You both need serious financial counseling! Neither of you deserve a vacation when bills are going unpaid. That is what is wrong with the people in this country! Pleasure before responsibility!

Your wife is totally unreasonable and financially irresponsible. Can you continue to live like that? Your call.

PS: GET A DIFFERENT COUNSELOR! No responsible counselor would EVER tell you to throw caution to the wind in this situation!
 
Another point of view.
Maybe the real resentment is that she's supporting the two of you, and its not enough to allow for any of those extras that make life pleasurable. You say you are looking for work, but does she feel that you are doing all you can? Does she find you on the computer, video games, in front of the tele? Do you get up/dressed late? Are you treating the looking for work AS your job - spending the full 8 hours actively seeking employment? Have you refused "lesser" jobs/opportunities as being beneath you? Refused to look for alternative employment?
Are you taking care of the home front, because she's bringing in the wages? Or does she come home from work to do all that too? Is there down time for her? If not that could be why this "vacation" is so important to her.
 
How exactly will disregarding your bills and other responsibilities prove that you love her? That sounds like the exact opposite of love, which isn't hate, but indifference.

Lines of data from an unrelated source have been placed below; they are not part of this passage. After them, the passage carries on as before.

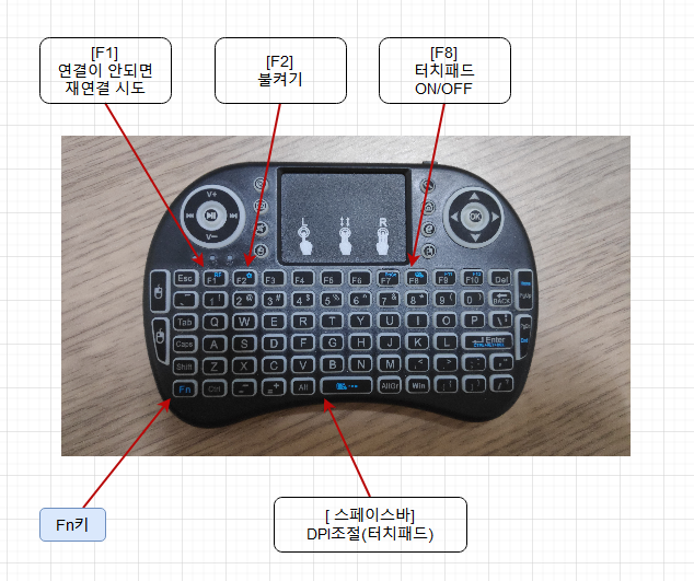 난 알리의 사진만 대충보고 싸길래 주문을 했는 데, 위에 네모칸이 있어서, "저건 뭔가?"하는 생각만 했을 뿐, 마우스를 대체하는 터치패드인 줄 받고서야 알았다. 물론 확실히 확인하지 못한 필자의 잘 못(?)이지만, 어쨌든, 마우스를 따로 달지 않아도 된다는 것에 살짝 미소가 지어졌다.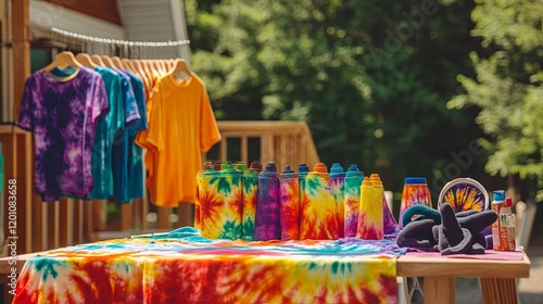 Fototapeta premium A vibrant outdoor tie-dye station with T-shirts, dyes, and gloves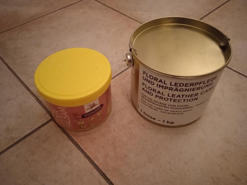 Habe in den letzten Tagen auch meine Arbeitshandschuhe gereinigt. Mit Kernseife geht das sehr gut. Nach 2 Tagen waren die wieder trocken und heute konnte ich wieder einfetten. Zuerst habe ich dünn Bienenwachs Lederpflege aufgetragen und einziehen lassen,danach Bundeswehr Lederpflege mit Silikon. Nun lasse ich das einem Tag einziehen und dann mit einer weichen Bürste polieren bzw. Noch mal einreiben. Bei den Arbeitsschuhen mache ich es ähnlich nur ohne Kernseife,nur mit Wasser reinigen. Und zum Schluss mit Imprägnierspray ( gibt nun auch welches von Imprägnol ohne PFC) einsprühen.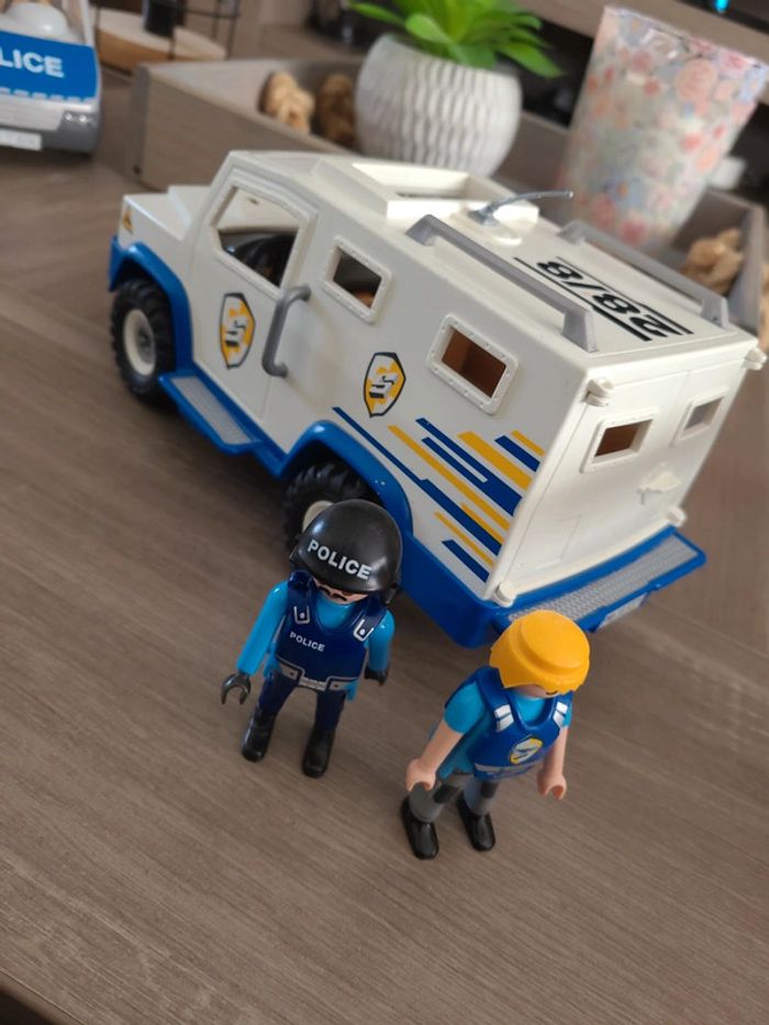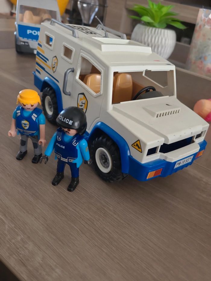 Camion et 2 policiers Petites marques sur le camion qui doivent partir avec du dissolvant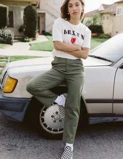 Brixton Capitol Chino Pants. Zipper fly with button closure. Belt loop wait. Slant hand pockets. Back welt pockets. Straight leg. Approx. inseam: 26.25”. 59% Cotton, 39% Polyester, 2% Elastane. Machine wash. Imported.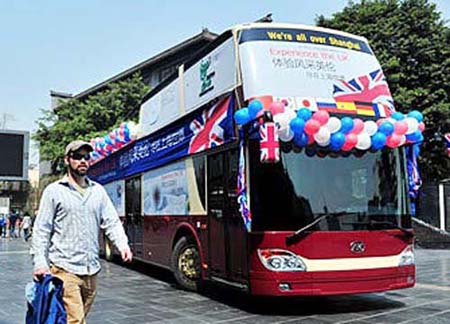 3月18日,由英國(guó)Big Bus公司和安徽安凱汽車股份有限公司合資生產(chǎn)的上海世博會(huì)英國(guó)世博雙層巴士亮相成都寬窄巷子,引得市民頻頻按動(dòng)快門拍照。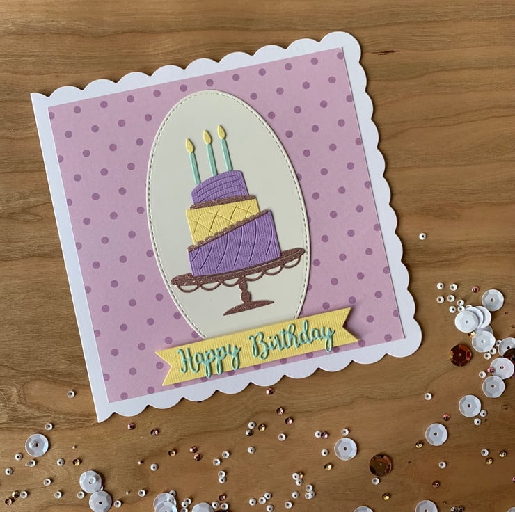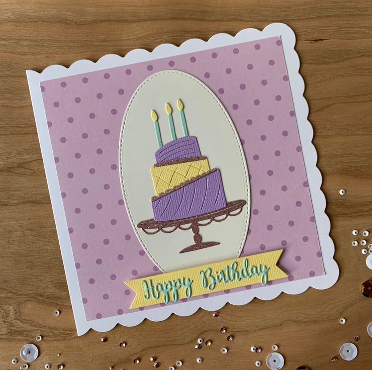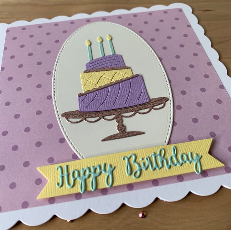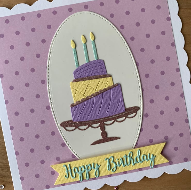 Made using die cut pieces, the design is set against a pink and purple spotted background.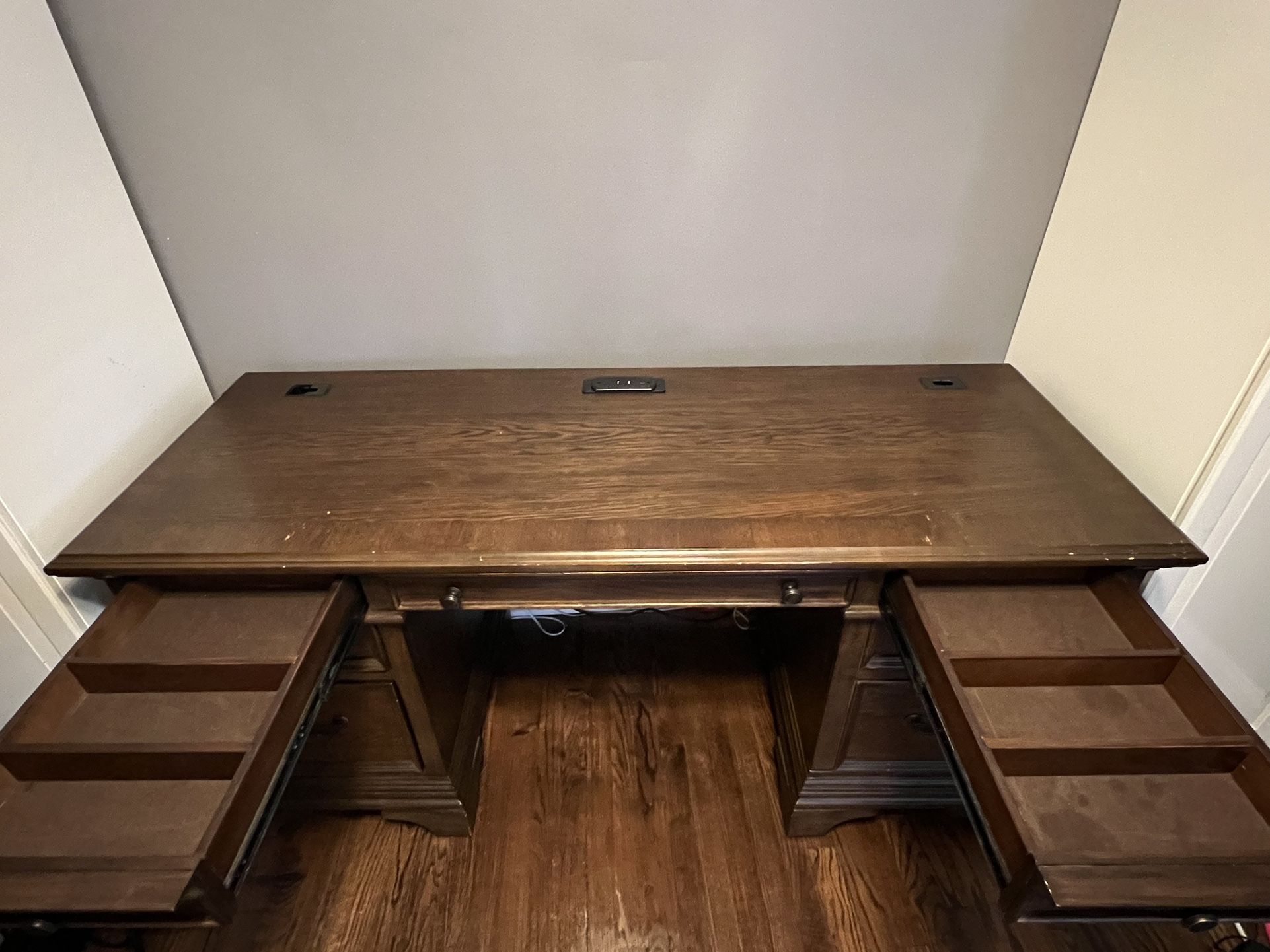 Title says it all, I’d say very good condition on the heavier side. Must bring your own person to help remove it from my back porch or $100 delivery to your door (not doing stairs) within 15 miles of 60630 only missing item is one of the cable drop metal pieces as pictured. https://offerup.com/redirect/?o=aHR0cHM6Ly93d3cuYW1lcmljYXN3aG9sZXNhbGUubmV0L2VuL3Byb2R1Y3QvNjQ1MzYwLWNvYXN0ZXItZnVybml0dXJlLWhhcnRzaGlsbC04ODEyODItNjYtaW5jaC01LWRyYXdlci1jcmVkZW56YS1vZmZpY2UtZGVzay1idXJuaXNoLW9haw==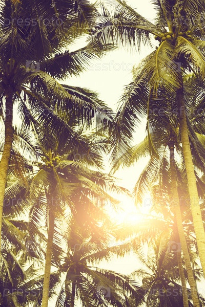 Яркое солнце над тропическими растениями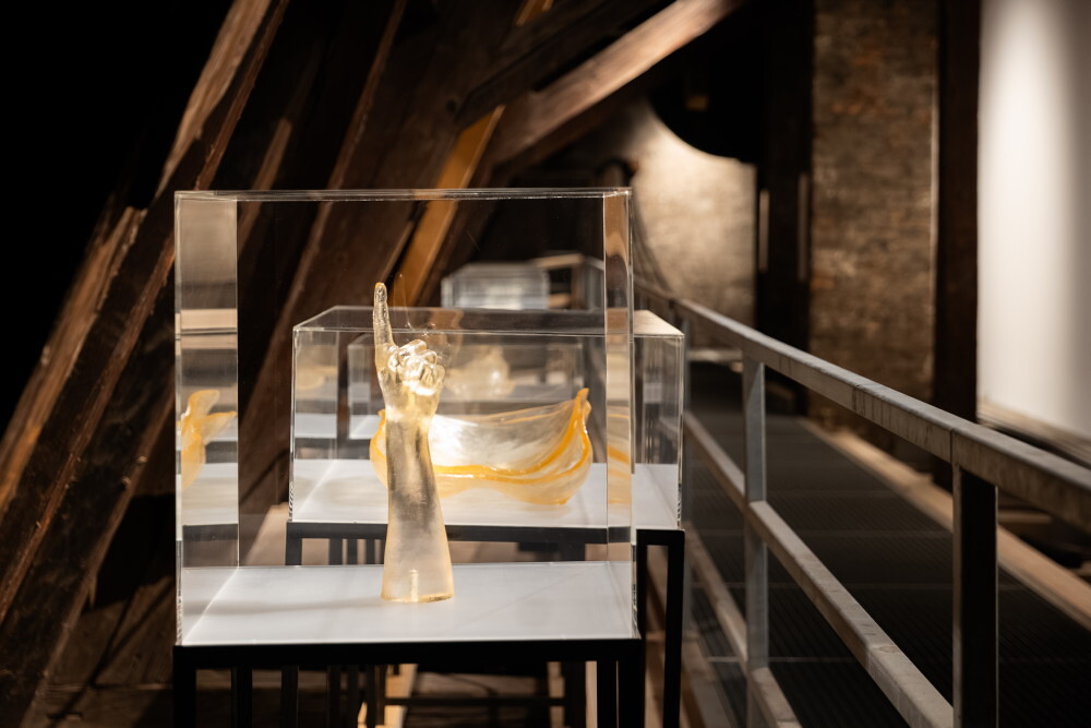Körperabgüsse der Künstlerin, farbloses Gießharz, Höhe 40 cm
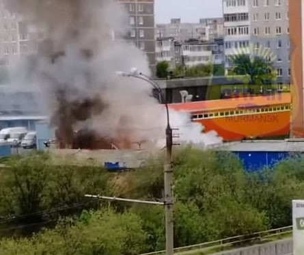 Сигнал о возгорании деревянно-металлического торгового павильона Первомайского рынка на улице Щербакова, 11 в Мурманске поступил на пульт дежурных служб в 5:47.

You need to decide if your wife's shortsightedness and manipulation is something that you can live with for the rest of your life.
 
I think you guys can't afford a vacation, and thinking you can has probably helped get you guys in this mess to begin with. You guys certainly need to cut expenses and you need to find a job. Any job. As in a waiter, busboy, fry cook. ANYTHING that has an income. Talking about finances is something you guys should have talked about before getting married, how much debt do you have, how much saving, what's your action plan to get out of debt etc. I would also ask a banker or a money manager to help you out. Since they cost money if a friend or relative can help that would be beneficial. But really its simple, spend less, work more, pay your bills on time, and DON'T go on a vacation. If your wife thinks you trying to make sure you have a roof over your head means you don't love her than she's wrong. Maybe do something nice locally? Picnic on the beach or at a park. Maybe she thinks going on a vacation will spark you to be romantic and that's her issue. Maybe show her home can be just as romantic and relaxing as a vacation.
 
I'm going to have to side w/ you on this one. The counselor's advice is completely irresponsible! You ALWAYS pay the bills first before you play. That is called being financially responsible. Good for you! You stick to your guns! If she gets herself in a tizzy about it, so what! You can't spend $$ that you don't have. Right now, you guys just don't have it. If she really loves you and wants to make this relationship work, she'll be patient. Nothing ever stays the same. Life is constantly changing. Things will get better after you start working. She needs to bite the bullet for the time being and learn to compromise. Isn't that what any good relationship is about? Compromise and communication. You can't always get what you want, but somehow you always seem to get what you need. Maybe she hasn't learned to separate her wants from her needs.
 
Eviction notice? Lights have been turned off? She needs to get it through her thick head that you guys need to take care of your bills before you can spend alot of money taking a vacation.
 
Find something cheap/free to do instead. How about going camping in a national park? Hiking through a forest? Free concerts in the park? Or put together a picnic basket and spend a whole day under a tree canopy and watch the sun set. There are lots of things to do for free - sounds like you guys need to be leveraging the free entertainment for a while!
 
Hi,
You both need serious financial counseling, neither of you deserve a vacation when bills are going unpaid. That is what is wrong with the people in this country..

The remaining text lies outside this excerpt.